Recorded information:
= = = =
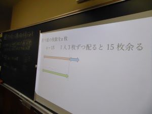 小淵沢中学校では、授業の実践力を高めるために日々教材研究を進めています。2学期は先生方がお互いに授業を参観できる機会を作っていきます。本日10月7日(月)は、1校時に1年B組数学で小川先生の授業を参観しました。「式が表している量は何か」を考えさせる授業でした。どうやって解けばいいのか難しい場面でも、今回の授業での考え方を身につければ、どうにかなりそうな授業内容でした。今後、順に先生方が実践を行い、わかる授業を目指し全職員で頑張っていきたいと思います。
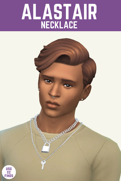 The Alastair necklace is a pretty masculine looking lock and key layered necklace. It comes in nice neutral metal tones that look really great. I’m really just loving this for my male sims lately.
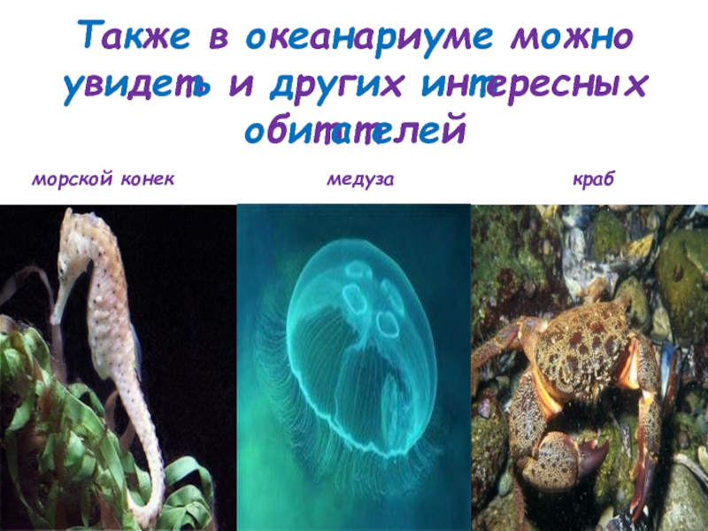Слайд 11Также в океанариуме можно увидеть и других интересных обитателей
= = = =
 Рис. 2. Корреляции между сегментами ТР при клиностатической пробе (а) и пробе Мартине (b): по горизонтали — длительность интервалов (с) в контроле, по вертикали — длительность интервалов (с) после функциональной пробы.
= = = =
Requirement: Starting at the line above that has "The Alastair necklace" and ending at the line that has "Слайд 11Также в", copy each line exactly, leaving the pictures out and adding nothing.

Solution to the problem:
 The Alastair necklace is a pretty masculine looking lock and key layered necklace. It comes in nice neutral metal tones that look really great. I’m really just loving this for my male sims lately.
Слайд 11Также в океанариуме можно увидеть и других интересных обитателей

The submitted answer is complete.